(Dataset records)

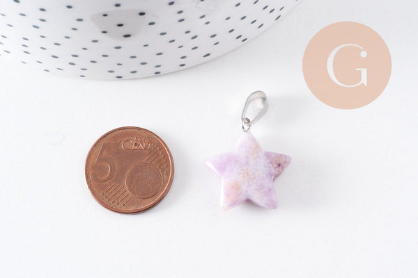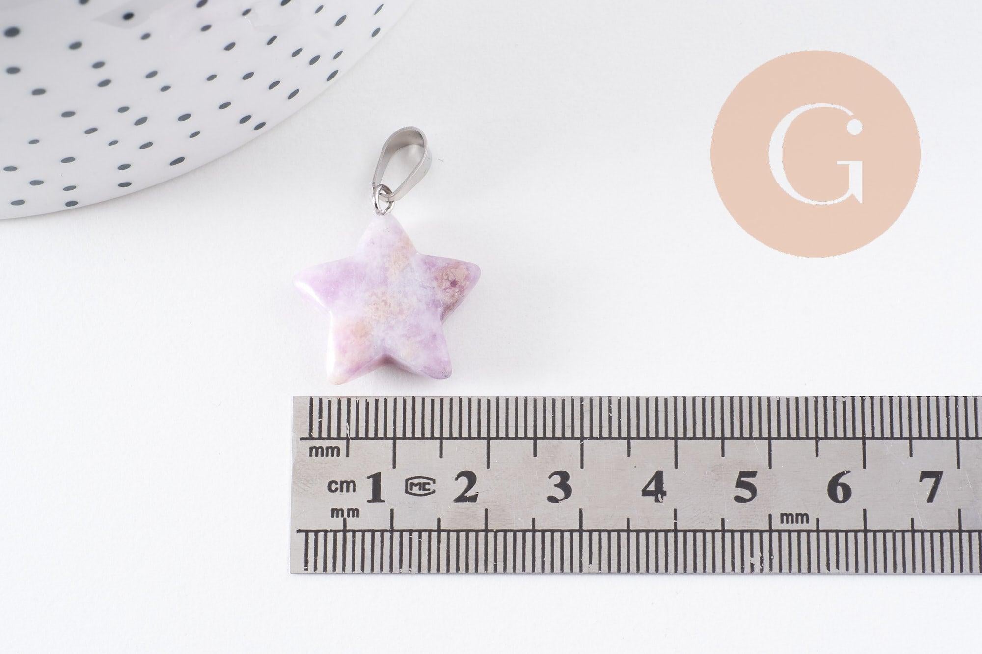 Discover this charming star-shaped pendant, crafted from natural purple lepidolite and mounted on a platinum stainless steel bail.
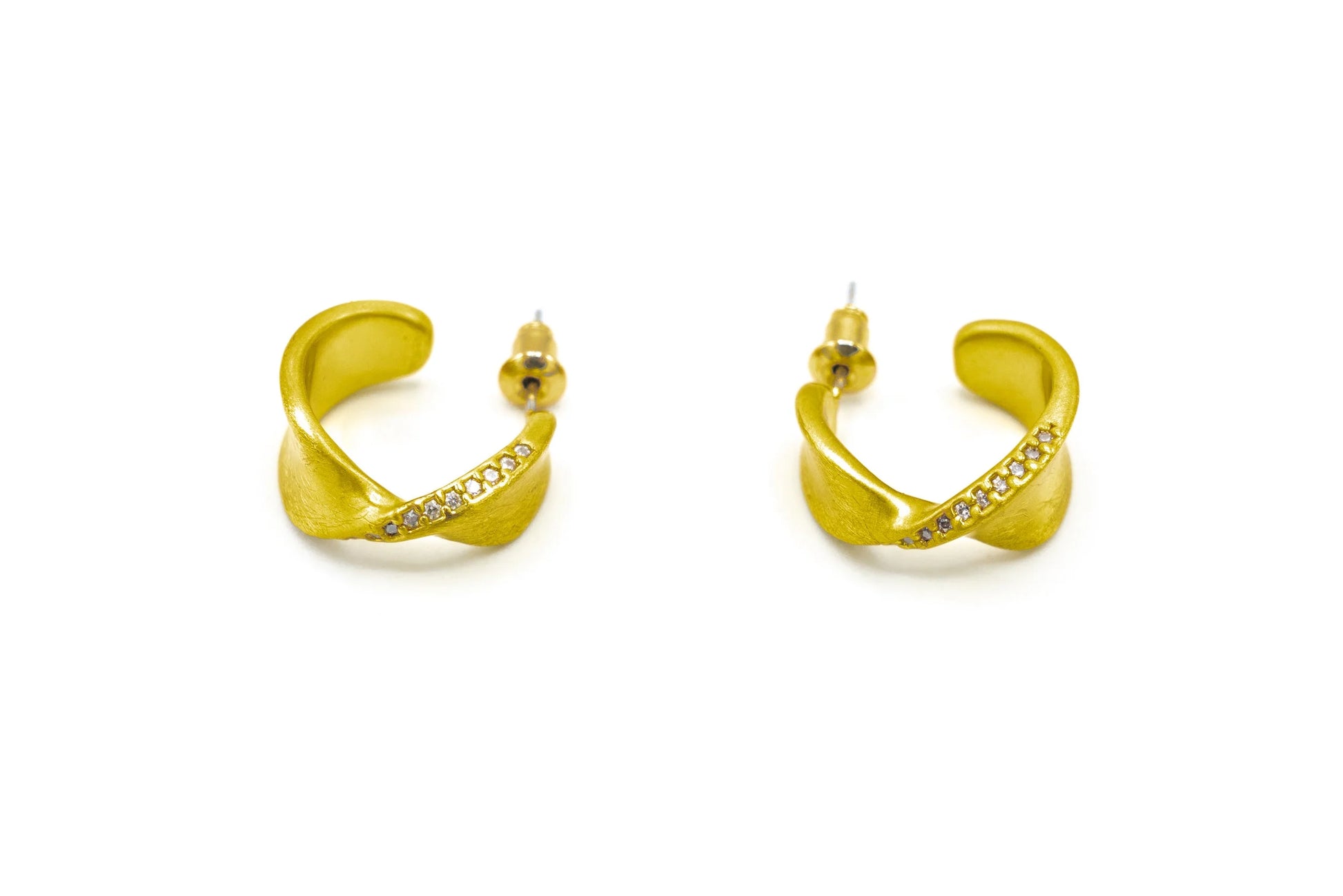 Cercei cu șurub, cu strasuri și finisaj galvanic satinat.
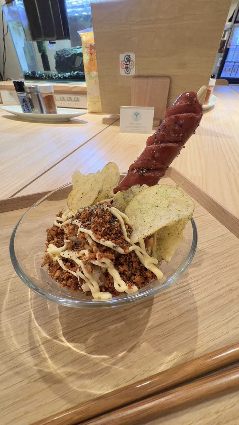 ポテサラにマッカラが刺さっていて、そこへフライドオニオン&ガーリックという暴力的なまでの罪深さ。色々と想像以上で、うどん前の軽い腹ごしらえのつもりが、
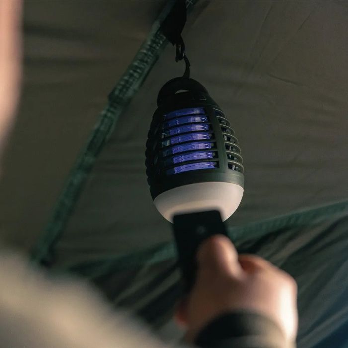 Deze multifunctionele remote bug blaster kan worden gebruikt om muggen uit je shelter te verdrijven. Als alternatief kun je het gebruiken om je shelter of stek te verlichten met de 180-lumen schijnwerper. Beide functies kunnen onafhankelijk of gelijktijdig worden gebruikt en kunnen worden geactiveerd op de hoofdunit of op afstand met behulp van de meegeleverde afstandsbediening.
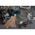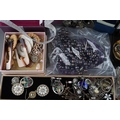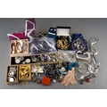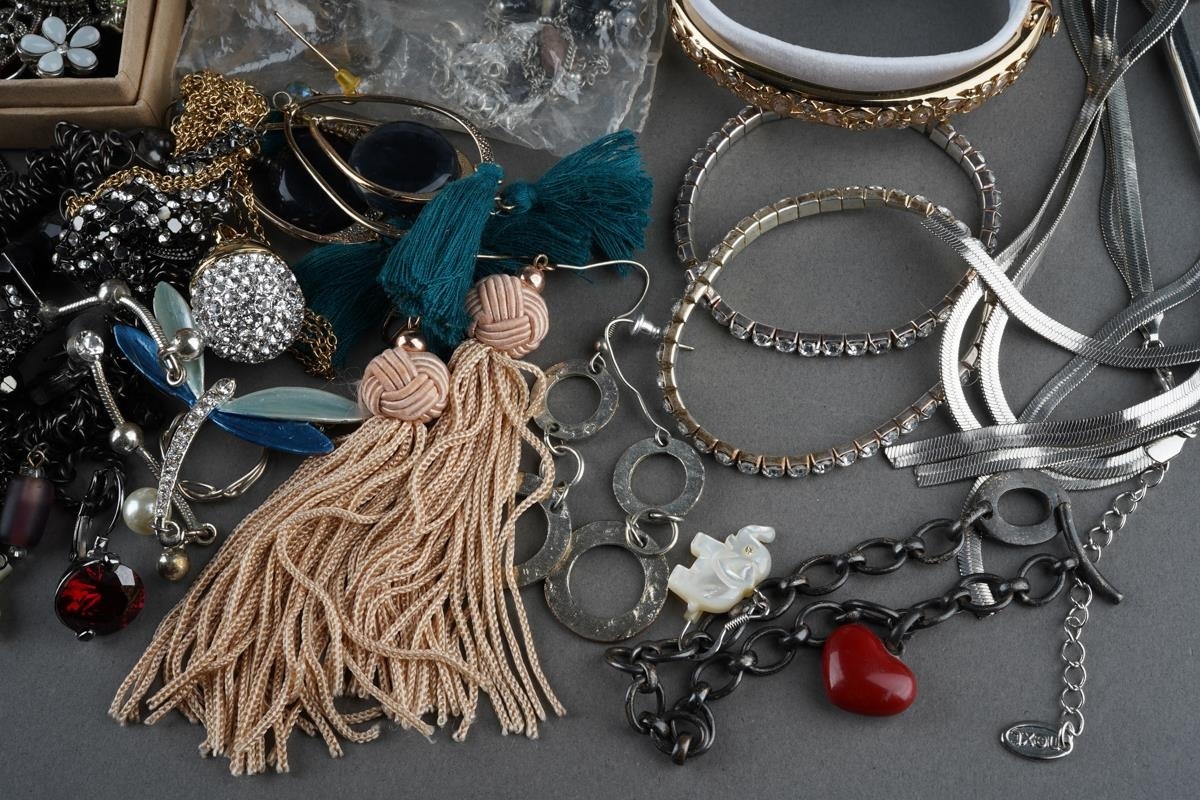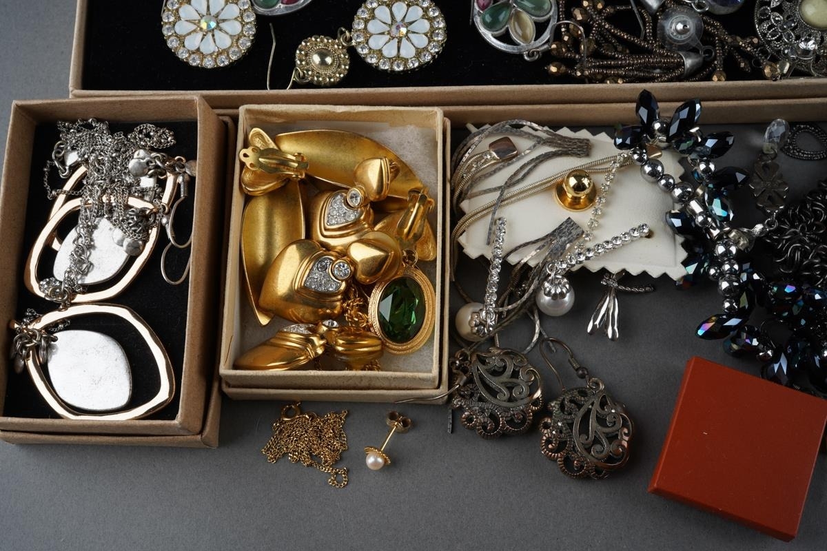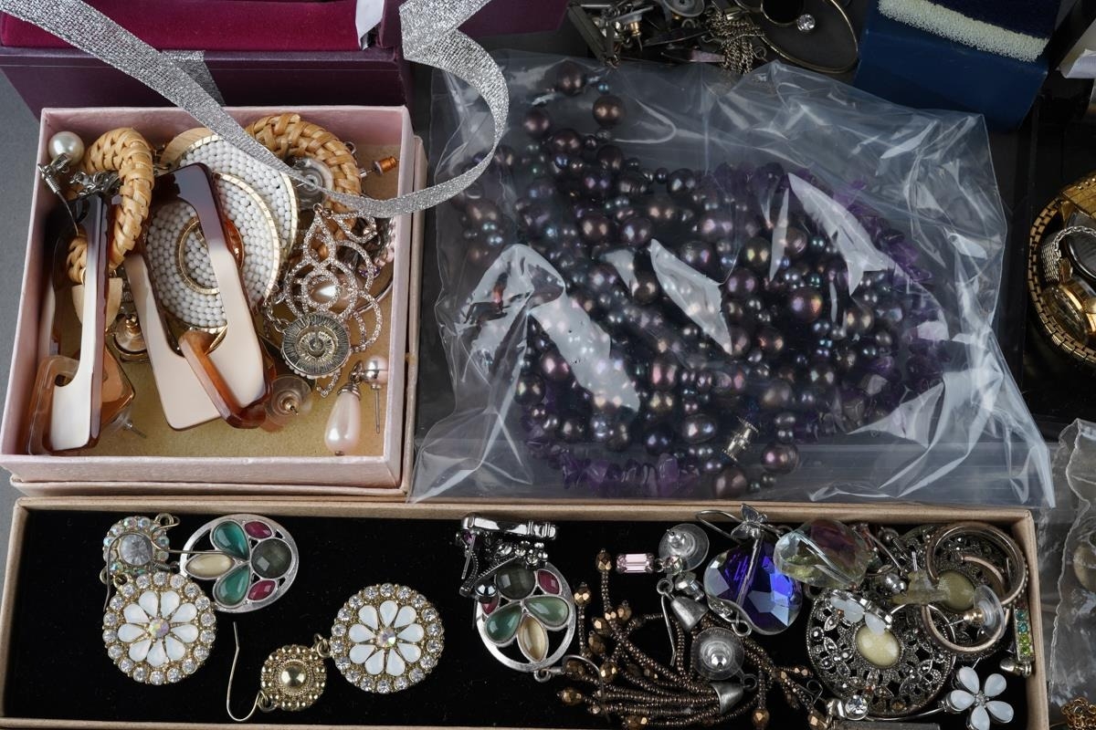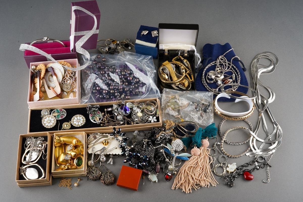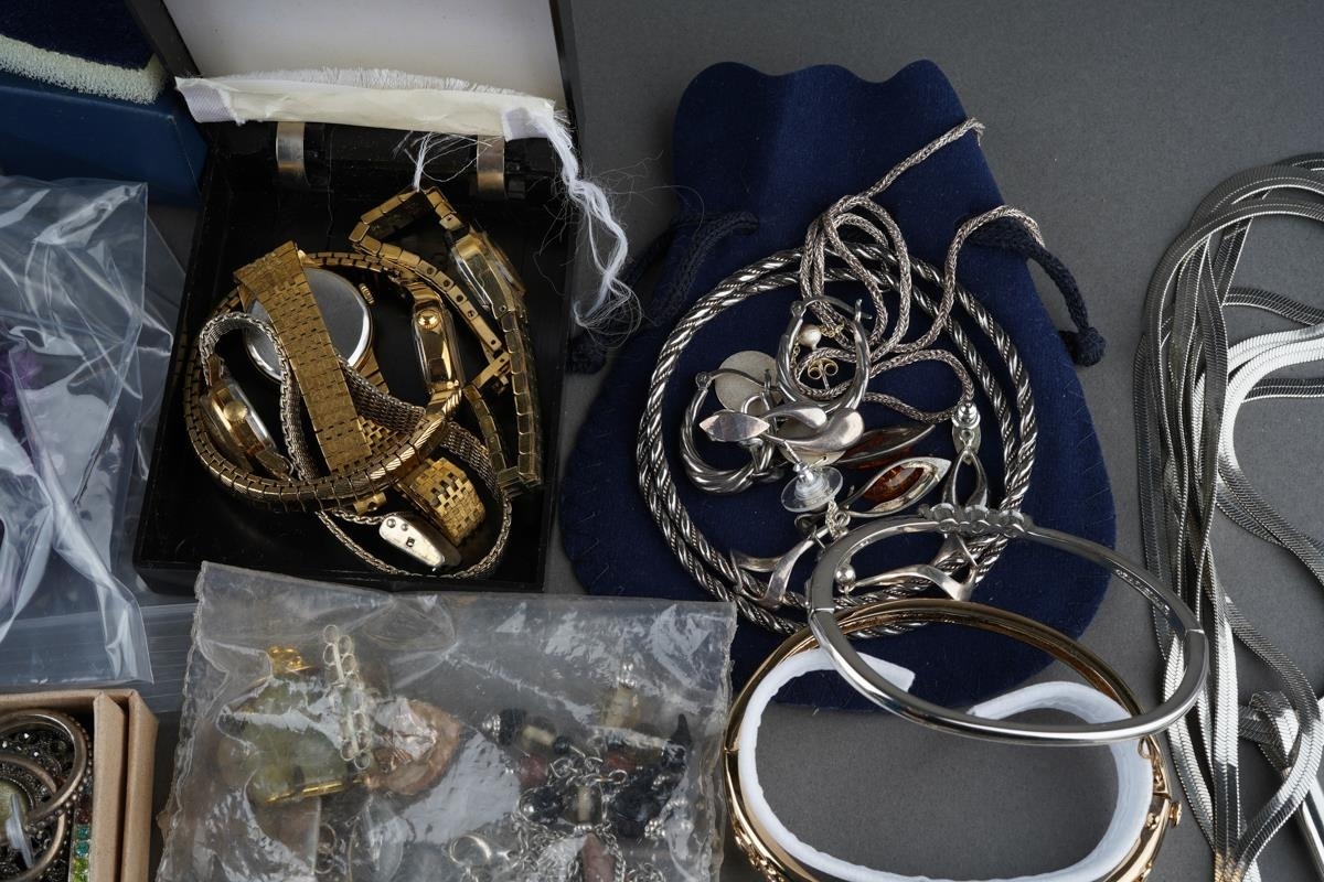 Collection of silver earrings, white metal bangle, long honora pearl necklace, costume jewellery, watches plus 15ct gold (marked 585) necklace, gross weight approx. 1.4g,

**Exercise:**
Leave out every picture and copy, exactly as written, the lines from the one with "Deze multifunctionele remote" through the end of the records above.

**Response for this exercise:**
 Deze multifunctionele remote bug blaster kan worden gebruikt om muggen uit je shelter te verdrijven. Als alternatief kun je het gebruiken om je shelter of stek te verlichten met de 180-lumen schijnwerper. Beide functies kunnen onafhankelijk of gelijktijdig worden gebruikt en kunnen worden geactiveerd op de hoofdunit of op afstand met behulp van de meegeleverde afstandsbediening.
 Collection of silver earrings, white metal bangle, long honora pearl necklace, costume jewellery, watches plus 15ct gold (marked 585) necklace, gross weight approx. 1.4g,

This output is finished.